Questions you might have
How do I find a record across all Smithsonian units using search_records? +
You simply instruct your agent to run search_records with your general query. This tool queries the entire EDAN network, giving you results from every department.
Is there a way to filter my search by art or history using search_category? +
Yes, use search_category. You specify the desired unit (like 'Art') and the tool filters all subsequent searches to only show records from that specific taxonomy.
What information does get_content actually retrieve for an ID? +
get_content pulls comprehensive, deep metadata. It includes provenance, detailed descriptive text, and links to the digital assets associated with that record.
Can I combine search_records and search_category in one go? +
While you can't force it into a single tool call, your agent is designed to chain them. You ask for 'Art from the 19th Century,' and the system runs search_category first, followed by a targeted search_records.
How do I properly authenticate when using search_records? +
You must provide your specific Smithsonian API Key in the connection settings. This key authorizes all calls to search_records. Your AI client handles the authentication automatically after you connect it via MCP.
If I use get_content with an invalid record ID, what error message should my AI client expect? +
The server returns a specific 'Record Not Found' code and details. Your agent can check this response to handle missing IDs gracefully without failing the entire process.

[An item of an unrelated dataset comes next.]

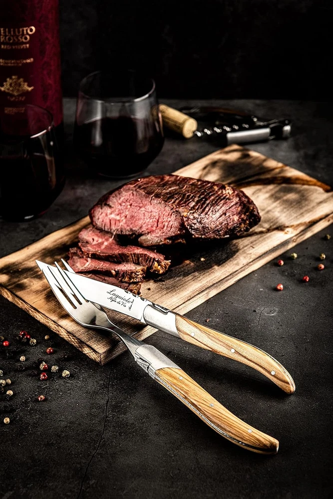 Laguiole Style de Vie Forks, Luxury Line, 6 pieces, Olive Wood, in Wood Product Details Material: Stainless Steel Color: Olive Wood Brand: Laguiole Style de Vie Handle Material: Wood Finish Type: Stainless Steel Is Dishwasher Safe: No Manufacturer: Style de Vie Authentique Package Dimensions: 10.08 x 5.79 x 2.72 inches Item Weight: 2.2 pounds Is Discontinued By Manufacturer: No This set contains 6 forks made of stainless steel. The handle is made of beautiful olive wood. These forks are the perfect addition to the Steak Knives of Laguiole Style de Vie Luxury Line. Each knife is decorated on the spine. The well-known Laguiole honey bee is present on the bolster of each knife Total length: 8.66inch. Metal thickness: approx 0.1 inches. The forks are not dishwasher safe. Laguiole is not a registered brand or trademark. The word "Laguiole" is a general term, not legally restricted to a single company or place of manufacture. Laguiole Style de Vie products are made in China with very high quality standards. This set of 6 forks from the Laguiole Style de Vie Luxury Line is the perfect addition to the Luxury Line steak knives. These beautiful forks are just as high-quality as the steak knives and of course equipped with the famous honey bee on the top of the fork. The forks come in a luxury wooden box. This is an original Laguiole Style de Vie product and comes with a certificate of authenticity.

Are there limitations on how many records I can query using search_records in a single run? +
The Smithsonian API enforces standard rate limits to prevent overuse. If you hit the limit, your agent will receive an HTTP 429 error and needs to pause before retrying.
Does search_category allow filtering by non-museum data types, like scientific measurements? +
No, search_category maps only to defined Smithsonian collections and units. It restricts search results strictly to established cultural or historical metadata fields for accuracy.
Can I search for specific historical figures across all Smithsonian museums? +
Yes! Use the search_records tool with your query (e.g., 'Abraham Lincoln'). It will return matching records, images, and artifacts from across all Smithsonian units.
How do I get the full metadata for a specific museum object? +
Use the get_content tool with the unique identifier (ID) of the record. This will fetch detailed metadata, including descriptions, dates, and media links.
Is it possible to limit my search to just art or science categories? +
Yes, the search_category tool allows you to specify a category (like 'art', 'history', or 'science') along with your search query to get more targeted results.